*** Data for review ***

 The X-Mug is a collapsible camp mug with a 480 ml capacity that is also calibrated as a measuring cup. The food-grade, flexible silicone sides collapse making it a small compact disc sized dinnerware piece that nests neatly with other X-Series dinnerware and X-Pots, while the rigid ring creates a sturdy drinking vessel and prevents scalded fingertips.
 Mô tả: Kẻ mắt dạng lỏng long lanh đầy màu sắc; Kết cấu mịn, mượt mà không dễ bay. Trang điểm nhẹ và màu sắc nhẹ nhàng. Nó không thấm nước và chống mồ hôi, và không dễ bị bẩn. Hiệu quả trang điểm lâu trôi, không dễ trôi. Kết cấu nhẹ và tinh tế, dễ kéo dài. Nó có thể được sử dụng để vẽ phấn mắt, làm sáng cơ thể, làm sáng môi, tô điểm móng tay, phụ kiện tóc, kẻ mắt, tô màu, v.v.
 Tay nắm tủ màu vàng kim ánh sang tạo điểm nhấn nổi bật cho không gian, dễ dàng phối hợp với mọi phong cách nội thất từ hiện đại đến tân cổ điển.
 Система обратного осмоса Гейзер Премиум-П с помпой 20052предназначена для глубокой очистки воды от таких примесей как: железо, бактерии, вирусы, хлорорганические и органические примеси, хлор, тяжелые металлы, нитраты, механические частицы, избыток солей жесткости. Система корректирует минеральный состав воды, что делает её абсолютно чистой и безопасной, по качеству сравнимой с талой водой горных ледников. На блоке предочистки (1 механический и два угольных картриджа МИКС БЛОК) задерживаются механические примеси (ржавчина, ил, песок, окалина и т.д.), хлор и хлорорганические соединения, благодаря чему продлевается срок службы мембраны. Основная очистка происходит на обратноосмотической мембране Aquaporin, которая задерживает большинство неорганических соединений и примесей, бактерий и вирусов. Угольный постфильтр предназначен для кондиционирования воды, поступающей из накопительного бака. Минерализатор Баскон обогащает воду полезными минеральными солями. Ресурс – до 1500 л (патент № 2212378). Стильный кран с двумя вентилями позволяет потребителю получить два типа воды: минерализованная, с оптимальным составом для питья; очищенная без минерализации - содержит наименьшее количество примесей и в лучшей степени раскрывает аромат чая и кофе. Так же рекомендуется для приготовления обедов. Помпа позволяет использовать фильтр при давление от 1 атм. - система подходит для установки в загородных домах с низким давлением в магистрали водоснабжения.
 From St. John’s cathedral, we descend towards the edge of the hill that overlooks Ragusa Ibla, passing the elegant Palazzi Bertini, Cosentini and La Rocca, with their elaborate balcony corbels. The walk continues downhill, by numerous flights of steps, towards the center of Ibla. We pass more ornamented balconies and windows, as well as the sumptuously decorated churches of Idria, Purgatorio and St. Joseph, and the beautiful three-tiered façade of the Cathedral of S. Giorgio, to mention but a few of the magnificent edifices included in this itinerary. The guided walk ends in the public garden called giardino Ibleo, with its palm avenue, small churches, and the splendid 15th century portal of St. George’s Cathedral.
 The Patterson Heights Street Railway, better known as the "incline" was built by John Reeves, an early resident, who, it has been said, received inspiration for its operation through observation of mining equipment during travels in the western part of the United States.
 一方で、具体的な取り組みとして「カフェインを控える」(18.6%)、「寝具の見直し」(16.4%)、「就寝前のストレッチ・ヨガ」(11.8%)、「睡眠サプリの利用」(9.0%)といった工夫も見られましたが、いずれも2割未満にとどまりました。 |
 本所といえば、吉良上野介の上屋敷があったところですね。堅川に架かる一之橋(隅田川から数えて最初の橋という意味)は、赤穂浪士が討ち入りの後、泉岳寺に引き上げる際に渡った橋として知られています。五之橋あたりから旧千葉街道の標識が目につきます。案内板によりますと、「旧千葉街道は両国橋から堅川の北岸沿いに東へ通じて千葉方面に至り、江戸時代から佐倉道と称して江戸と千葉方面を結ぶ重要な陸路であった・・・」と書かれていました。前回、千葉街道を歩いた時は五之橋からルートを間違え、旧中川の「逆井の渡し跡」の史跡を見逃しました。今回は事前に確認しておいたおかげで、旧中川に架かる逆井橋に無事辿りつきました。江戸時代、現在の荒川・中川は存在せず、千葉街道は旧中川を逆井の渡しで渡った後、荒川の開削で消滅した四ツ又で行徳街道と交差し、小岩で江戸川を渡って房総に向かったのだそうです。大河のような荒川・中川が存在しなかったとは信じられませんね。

***

Select every line of the records holding the string "that".

| Solution to the exercise |
 The X-Mug is a collapsible camp mug with a 480 ml capacity that is also calibrated as a measuring cup. The food-grade, flexible silicone sides collapse making it a small compact disc sized dinnerware piece that nests neatly with other X-Series dinnerware and X-Pots, while the rigid ring creates a sturdy drinking vessel and prevents scalded fingertips.
 From St. John’s cathedral, we descend towards the edge of the hill that overlooks Ragusa Ibla, passing the elegant Palazzi Bertini, Cosentini and La Rocca, with their elaborate balcony corbels. The walk continues downhill, by numerous flights of steps, towards the center of Ibla. We pass more ornamented balconies and windows, as well as the sumptuously decorated churches of Idria, Purgatorio and St. Joseph, and the beautiful three-tiered façade of the Cathedral of S. Giorgio, to mention but a few of the magnificent edifices included in this itinerary. The guided walk ends in the public garden called giardino Ibleo, with its palm avenue, small churches, and the splendid 15th century portal of St. George’s Cathedral.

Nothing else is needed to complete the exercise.